Each line below from the "Диск алмазный по" line through the "BLUE BABY ЗИМОВИЙ" line, those two included, must be restated word for word; the pictures must not be.

*** Opening of The data ***

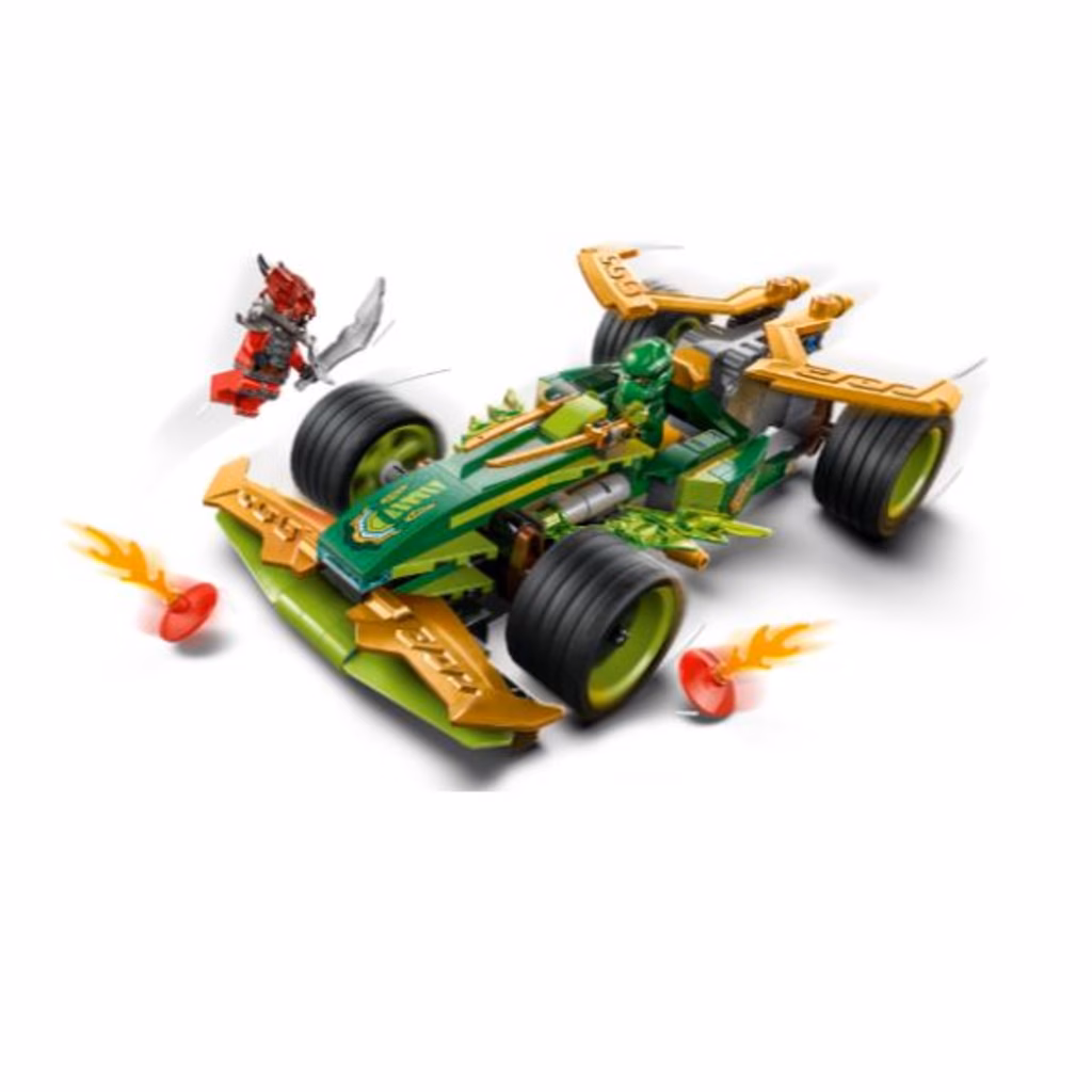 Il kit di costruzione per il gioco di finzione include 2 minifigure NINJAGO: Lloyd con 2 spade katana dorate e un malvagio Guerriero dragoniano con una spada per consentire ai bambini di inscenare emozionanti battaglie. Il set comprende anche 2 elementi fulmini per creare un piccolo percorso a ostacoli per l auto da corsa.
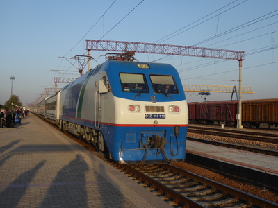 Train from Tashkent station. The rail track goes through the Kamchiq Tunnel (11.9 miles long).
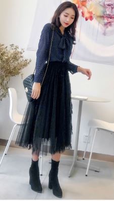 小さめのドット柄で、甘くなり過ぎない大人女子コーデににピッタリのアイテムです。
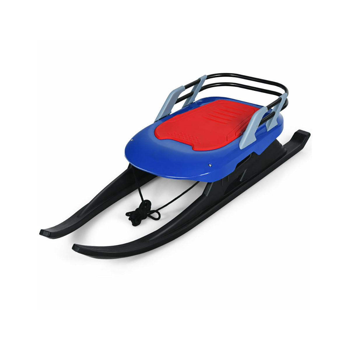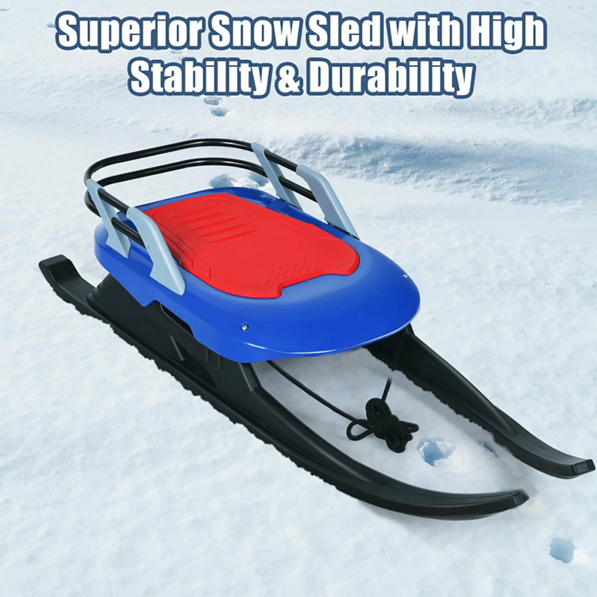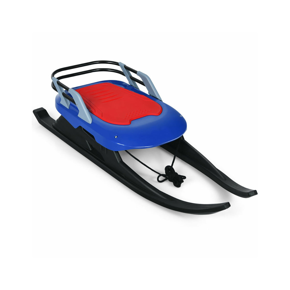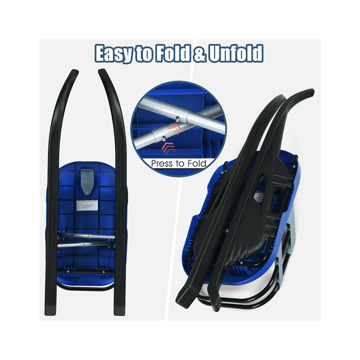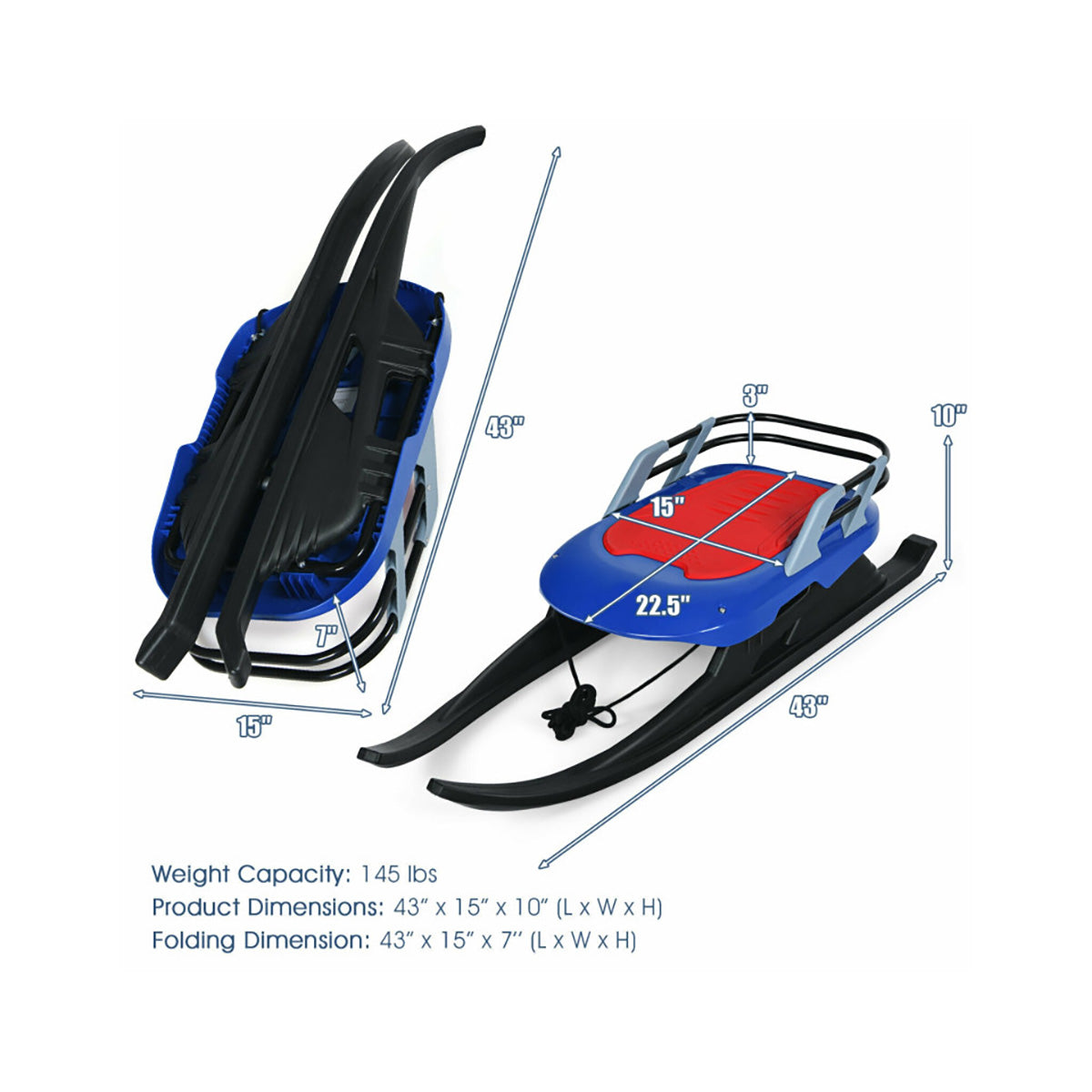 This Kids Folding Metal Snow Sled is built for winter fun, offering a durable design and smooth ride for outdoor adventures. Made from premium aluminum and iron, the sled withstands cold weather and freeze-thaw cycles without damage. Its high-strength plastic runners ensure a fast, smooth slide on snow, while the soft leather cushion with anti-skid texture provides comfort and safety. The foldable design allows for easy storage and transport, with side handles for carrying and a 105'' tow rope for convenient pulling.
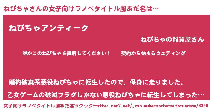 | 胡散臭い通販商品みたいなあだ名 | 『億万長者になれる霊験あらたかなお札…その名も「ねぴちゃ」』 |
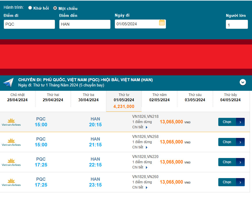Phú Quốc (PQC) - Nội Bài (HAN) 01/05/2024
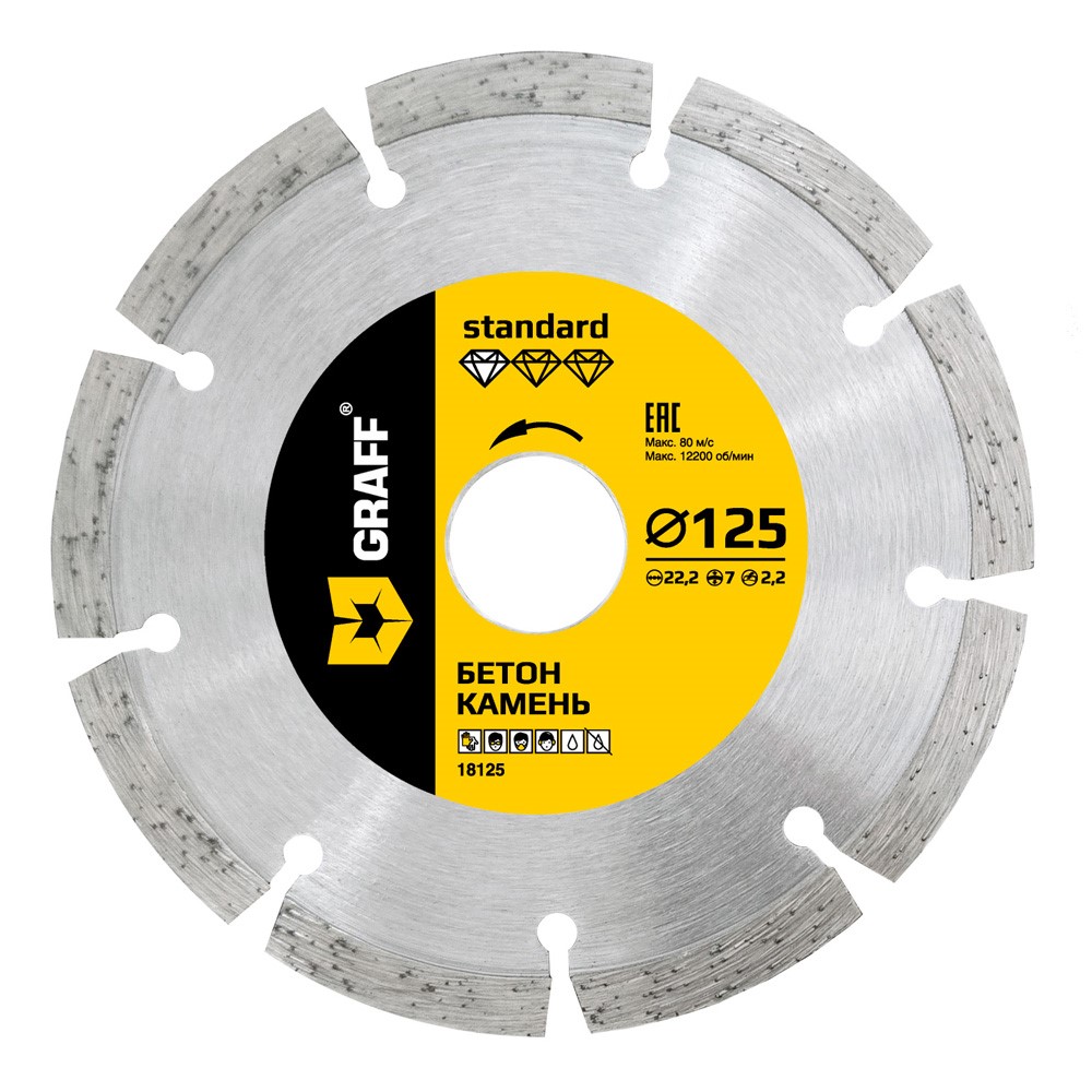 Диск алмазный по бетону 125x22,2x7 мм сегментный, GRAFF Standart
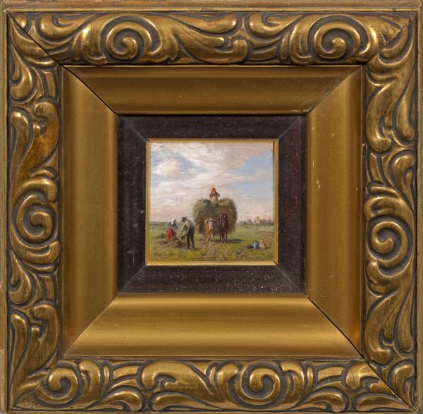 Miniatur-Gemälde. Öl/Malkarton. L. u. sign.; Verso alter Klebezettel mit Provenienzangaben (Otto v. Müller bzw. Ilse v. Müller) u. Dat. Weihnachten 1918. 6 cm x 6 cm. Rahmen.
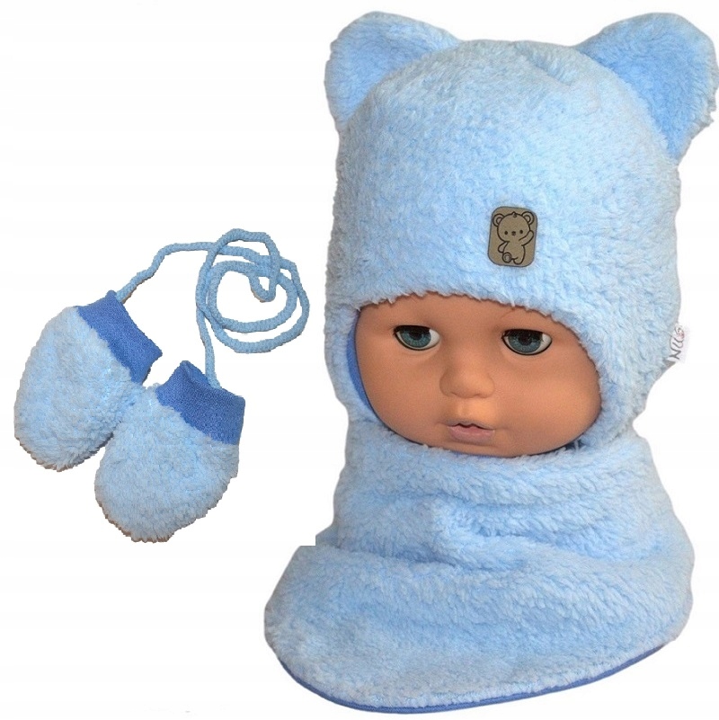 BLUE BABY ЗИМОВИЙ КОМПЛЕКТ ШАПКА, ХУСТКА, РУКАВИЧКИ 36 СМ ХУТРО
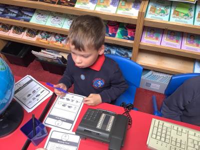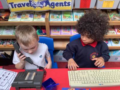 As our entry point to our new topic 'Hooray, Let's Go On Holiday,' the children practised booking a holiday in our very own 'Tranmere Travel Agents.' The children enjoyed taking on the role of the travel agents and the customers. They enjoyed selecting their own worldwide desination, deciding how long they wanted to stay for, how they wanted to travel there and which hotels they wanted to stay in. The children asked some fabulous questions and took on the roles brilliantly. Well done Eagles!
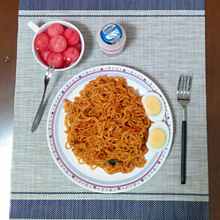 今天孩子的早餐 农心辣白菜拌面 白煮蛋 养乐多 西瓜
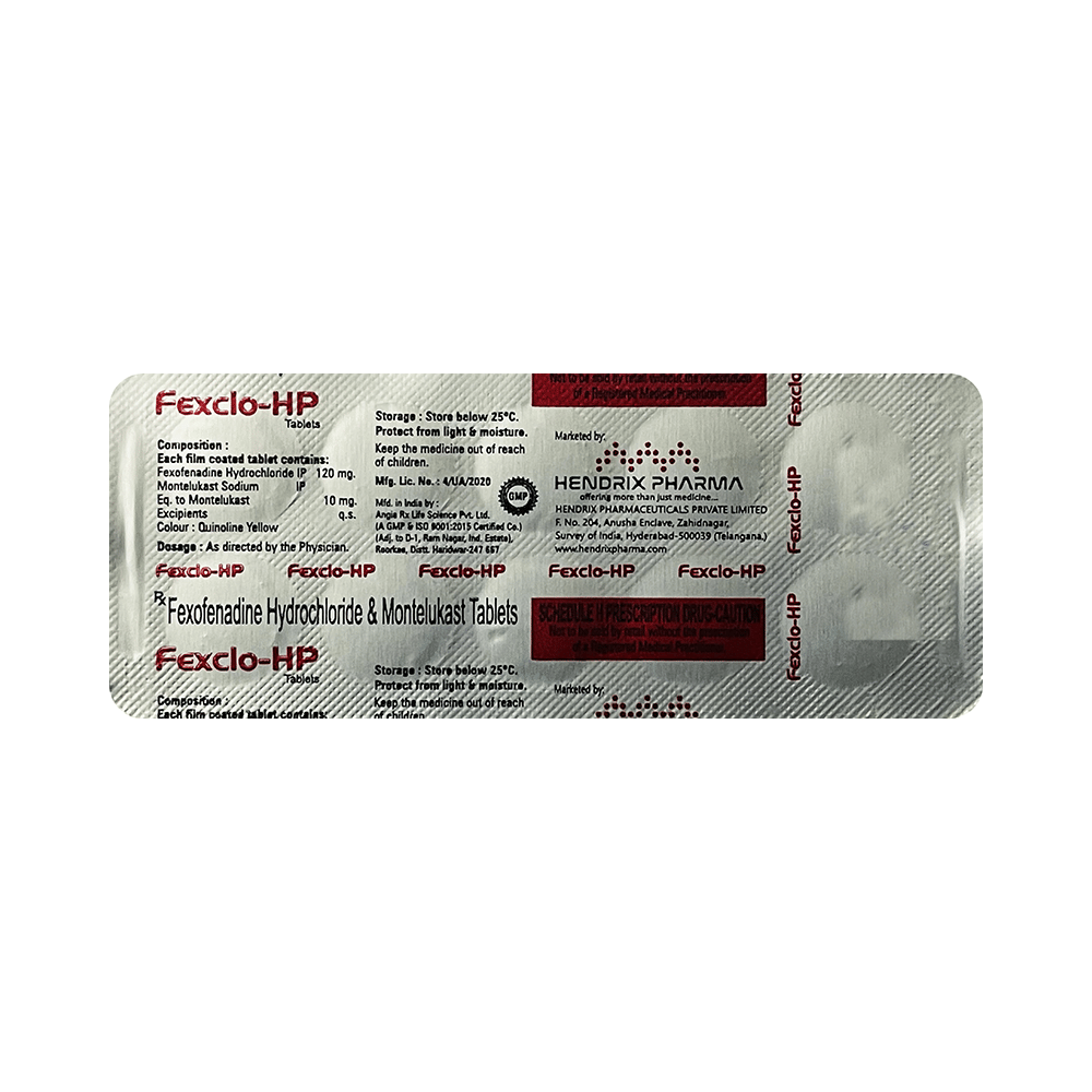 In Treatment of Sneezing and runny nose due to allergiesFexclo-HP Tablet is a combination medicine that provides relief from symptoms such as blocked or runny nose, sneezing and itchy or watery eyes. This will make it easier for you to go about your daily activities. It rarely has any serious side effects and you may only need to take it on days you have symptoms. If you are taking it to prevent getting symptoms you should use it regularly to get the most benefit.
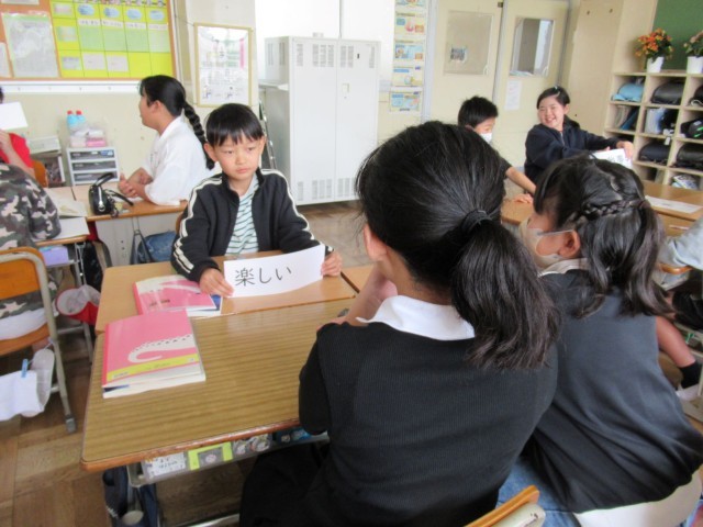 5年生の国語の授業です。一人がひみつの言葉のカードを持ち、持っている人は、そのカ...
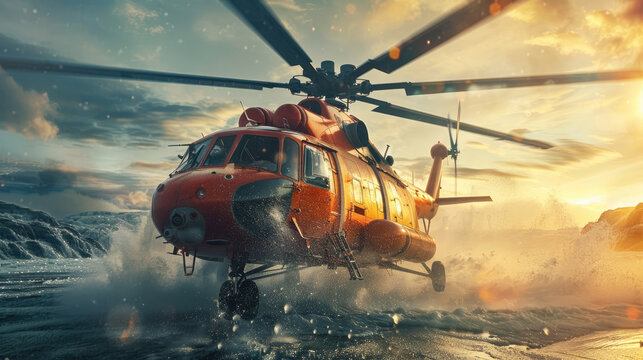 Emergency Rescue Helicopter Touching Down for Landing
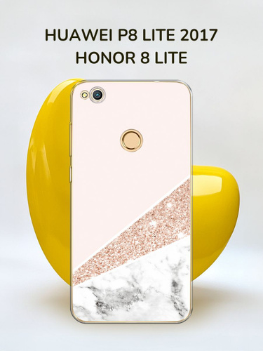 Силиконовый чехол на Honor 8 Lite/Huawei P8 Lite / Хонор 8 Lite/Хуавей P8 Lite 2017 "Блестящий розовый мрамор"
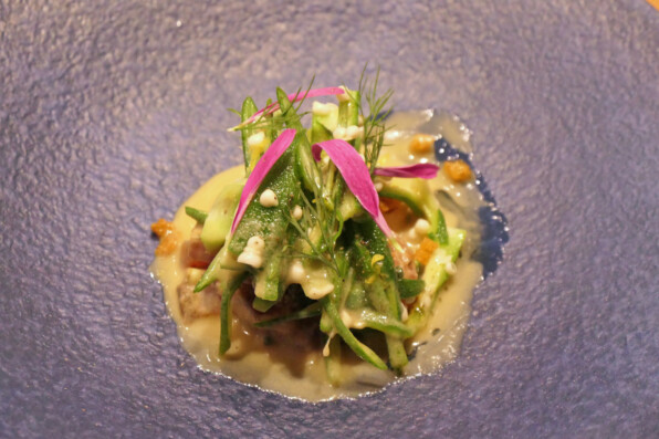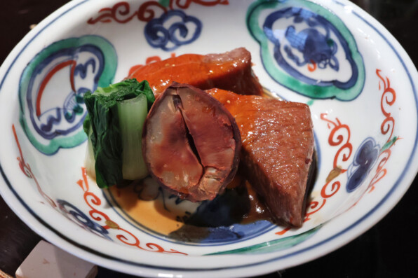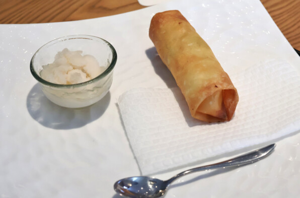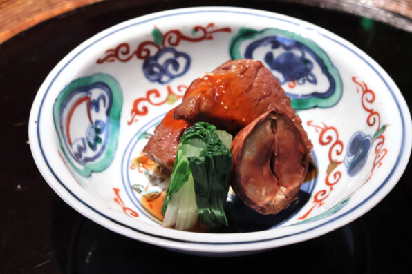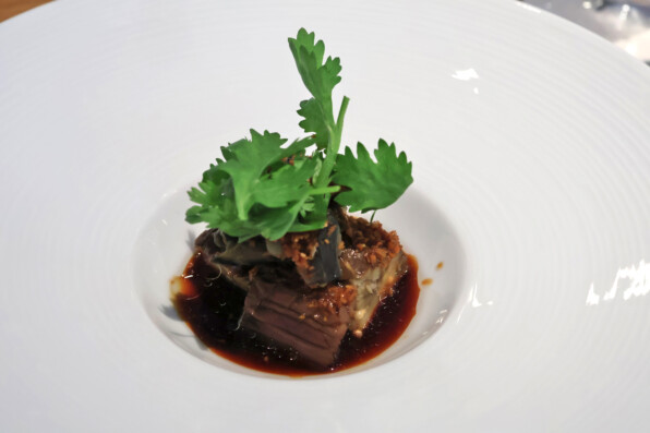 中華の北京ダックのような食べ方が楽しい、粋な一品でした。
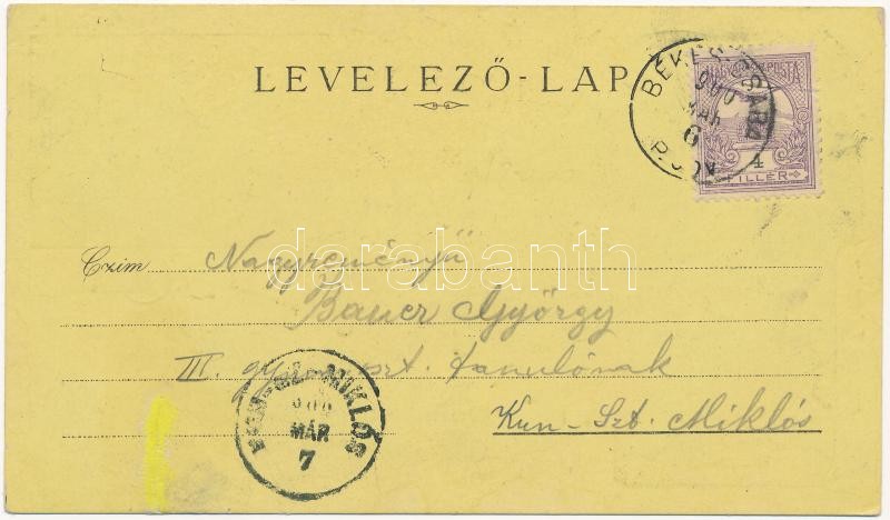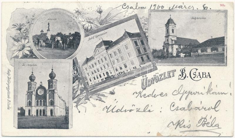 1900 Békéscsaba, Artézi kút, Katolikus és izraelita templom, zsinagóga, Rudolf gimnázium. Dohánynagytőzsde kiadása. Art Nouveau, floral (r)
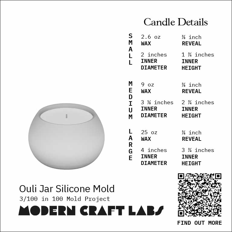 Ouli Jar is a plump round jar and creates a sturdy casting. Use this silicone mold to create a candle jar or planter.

*** Close of The data ***

● **Result of the exercise**:
 Диск алмазный по бетону 125x22,2x7 мм сегментный, GRAFF Standart
 Miniatur-Gemälde. Öl/Malkarton. L. u. sign.; Verso alter Klebezettel mit Provenienzangaben (Otto v. Müller bzw. Ilse v. Müller) u. Dat. Weihnachten 1918. 6 cm x 6 cm. Rahmen.
 BLUE BABY ЗИМОВИЙ КОМПЛЕКТ ШАПКА, ХУСТКА, РУКАВИЧКИ 36 СМ ХУТРО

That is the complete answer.